# Worst Reasons you or someone you know has been dumped/turned down for?



## hbk4894 (May 27, 2015)

just wondering what are the worst reasons someone has given you for dumping or turning you down?


----------



## Lynn508 (Feb 16, 2016)

I had a guy tell me he needed to stop seeing me because he found me too physically attractive. he was afraid it would affect his judgment. Gotta say, that was a new one for me!
_Posted via Mobile Device_


----------



## badsanta (Oct 13, 2014)

In high school, back in the day... If your phone number was not a local call, then most parents would object to the relationships going "blah blah blah" for hours on end at 17¢ a minute.

PS: I'm probably the only guy that can hit a "¢" glyph on my keyboard without even looking down!


----------



## arbitrator (Feb 13, 2012)

*The age-old excuse of "It's not you, but it's me!"

Had it used on me in my college years. But then employed its very same usage in later years to distance myself from a woman who displayed far more attention toward me than I ever cared to have from her!*
_Posted via Mobile Device_


----------



## MattMatt (May 19, 2012)

My first long term relationship girlfriend dumped me. So that she could return to a previous lover. Who was a woman.

Which kind of killed things for me as there was no way I could think of fighting for her against someone of the opposite sex.

It messed with my self confidence so much that I couldn't date for a very long time. A married couple set me up on a blind date as they were so worried about me. 
_Posted via Mobile Device_


----------



## SecondTime'Round (Jan 15, 2015)

Not me, but a friend of mine was told by a man that he didn't want to date her because of scars from a car accident. (She is not even close to being disfigured)


----------



## brooklynAnn (Jun 29, 2015)

hbk4894 said:


> just wondering what are the worst reasons someone has given you for dumping or turning you down?


He was moving to CT to marry a girl there to get his green card. He was from Albania, amnesty was taking too long. My Gmother would not let me get married at 20. She wanted me to finish school first. He couldn't wait.

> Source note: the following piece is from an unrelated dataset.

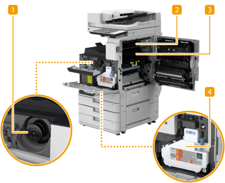 기기 내 걸린 용지를 제거할 때 이 커버를 엽니다.

Oh well.


----------



## Vega (Jan 8, 2013)

badsanta said:


> In high school, back in the day... If your phone number was not a local call, then most parents would object to the relationships going "blah blah blah" for hours on end at 17¢ a minute.
> 
> PS: I'm probably the only guy that can hit a "¢" glyph on my keyboard without even looking down!


But would you dump a woman if you found out that she didn't know where the "cent" glyph is on HER laptop?!


----------



## farsidejunky (Mar 19, 2014)

touba said:


> I dumped a girlfriend because she had a lousy reconstruction after a double mastectomy.
> 
> They actually painted the nipples on!


I don't even know where to start with this post. Dafuq?

Sent from my SM-N910V using Tapatalk


----------



## badsanta (Oct 13, 2014)

Vega said:


> But would you dump a woman if you found out that she didn't know where the "cent" glyph is on HER laptop?!


My wife can never find anything glyph-wise on her laptop. She is foreign, so she is used to a different configurations for "ñ á é í ó ú" and it is somehow all my fault. But I still love her! "ALT+e" then let go and push "a" gets you "á"! Of course she would then come back and insist on using typographers quotes and make me say “á”! At that point we usually get into it!

Badsanta


----------



## MattMatt (May 19, 2012)

touba said:


> I dumped a girlfriend because she had a lousy reconstruction after a double mastectomy.
> 
> They actually painted the nipples on!


She had a lucky escape. Didn't she?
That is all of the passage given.